Oysa unutulmamalı: Demokrasi yalnızca sandığa gitmek değil; seçilmişlerin görevde kalabilmesi, hukukun eşit işlemesi ve ifade özgürlüğünün korunmasıdır. Demokrasi, şafak operasyonların değil her sabah yeniden savunulması gereken bir yaşam biçimidir.

Bugün sessiz kalanlar, yalnızca zulmü meşrulaştırmakla kalmaz; onun kalıcılaşmasına da katkı sunar. Oysa bugün ses çıkarmak, bir cesaret meselesi değil, yurttaşlık sorumluluğudur.

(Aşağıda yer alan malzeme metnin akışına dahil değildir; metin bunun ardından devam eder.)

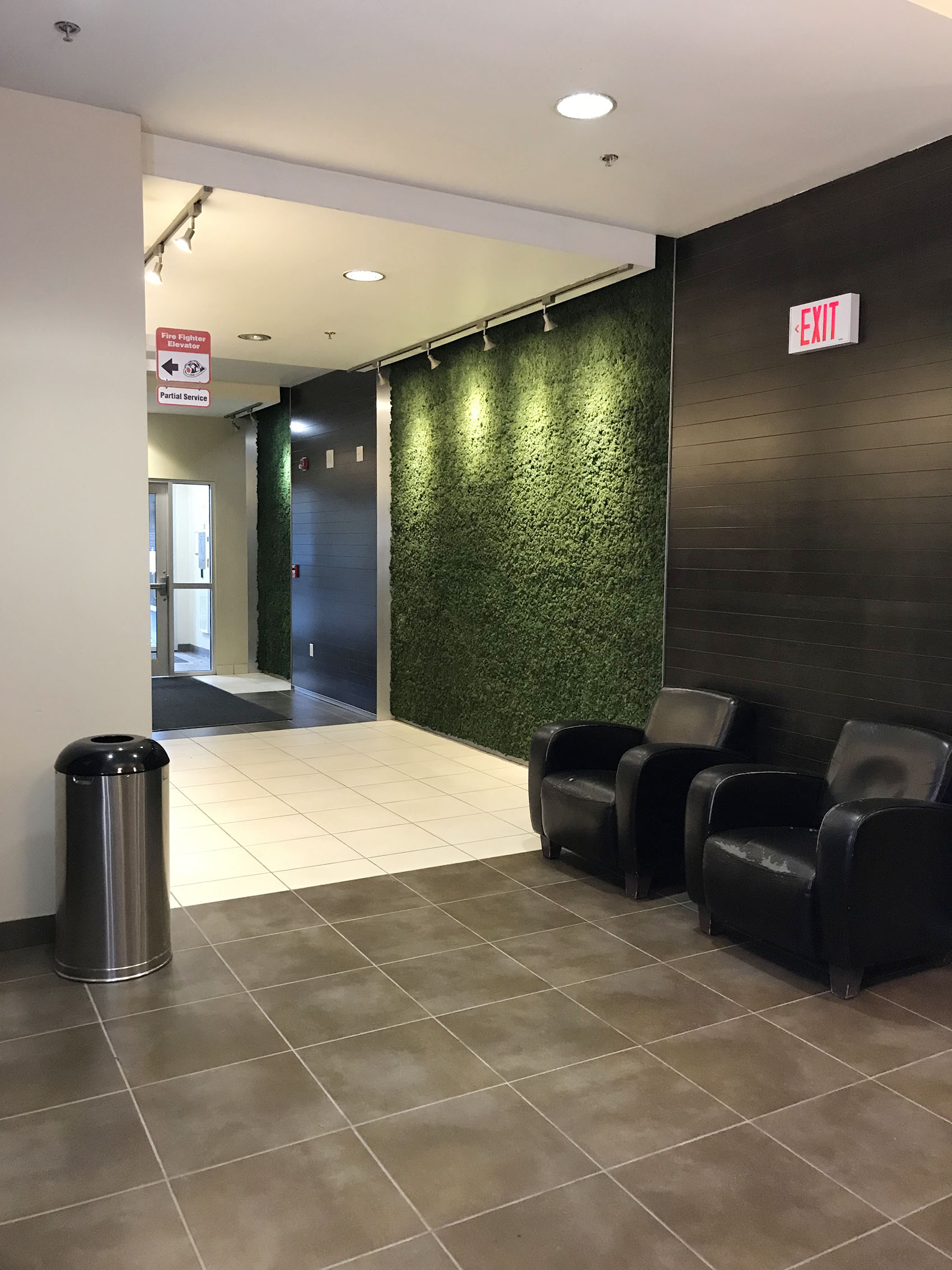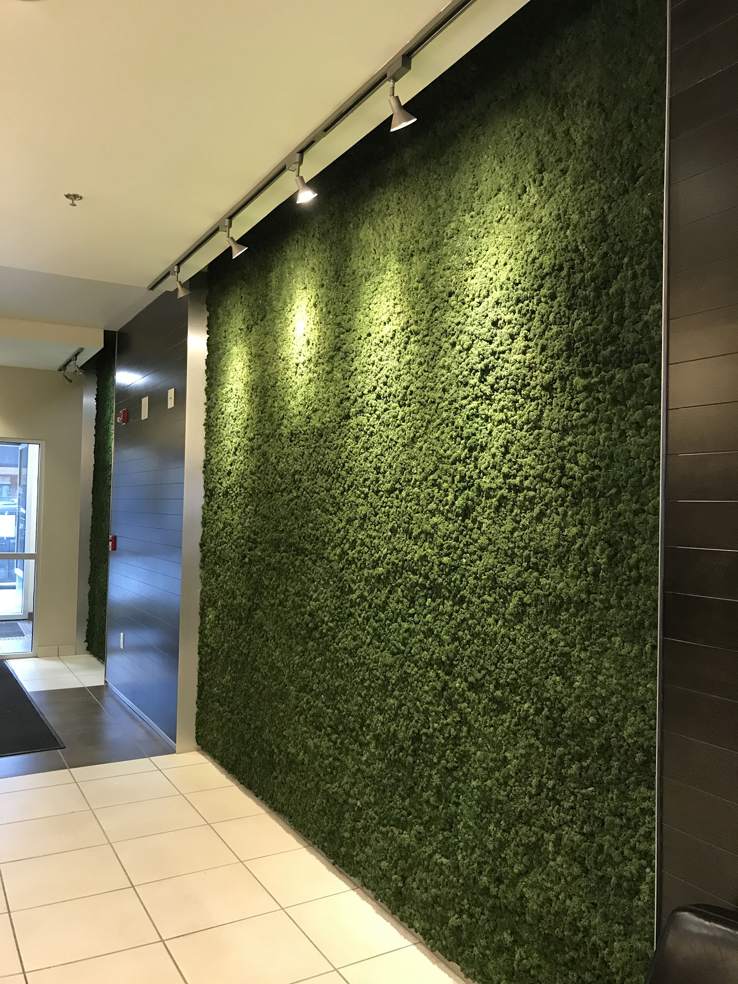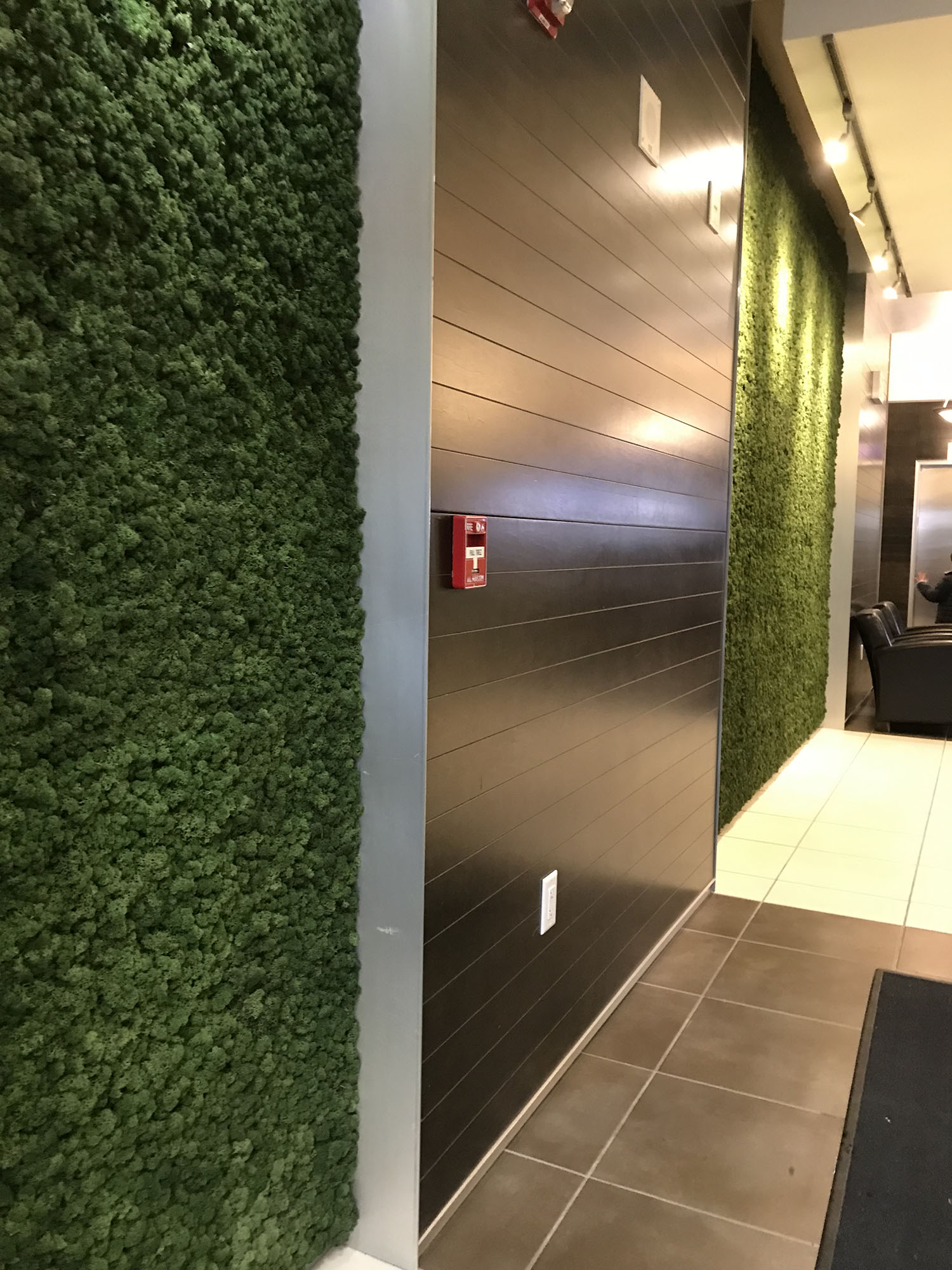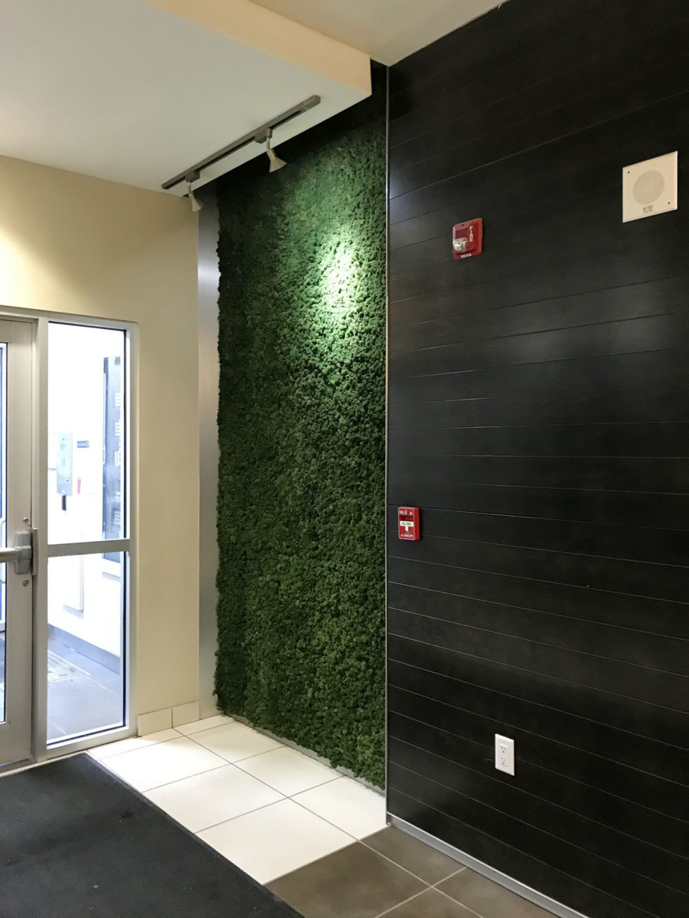 Wall 1 – 120 sqft.  Wall 2 – 50 sqft. In entry way lobby of condominium. Dark green reindeer moss. Designed and installed by Off the Wall Greenscapes.  Created by ByNature Design.

İktidar, CHP’yi yakın geçmişte olduğu gibi sokaktan alıp devlete hapsetmek istiyor. Ama halkın iradesi yalnızca sandıkta değil; meydanda, belediyede, adliyede de var olmak istiyor. Artık hiçbir “şafak operasyonu” kimseyi şaşırtmıyor; halk ise hâlâ susmuyor.

Bu mücadele, “hak, hukuk, adalet”in yalnızca temenni değil; anayasal güvence haline gelmesi içindir.

Çünkü halk hâlâ o sesi duymak istiyor:

“Berlin’de hâkimler var.”

Ve bu topraklarda da bir gün “Ankara’da hâkimler var” diyebilene kadar susmamak gerekiyor.

Aksi halde, adı ne olursa olsun, bu rejim tüm gücün tek elde toplandığı, halkın sadece seyirci konumunda olduğu bir düzene dönüşecektir.

İşte bu yüzden son söz:

Kurtuluş yok tek başına... Ya hep beraber, ya hiçbirimiz.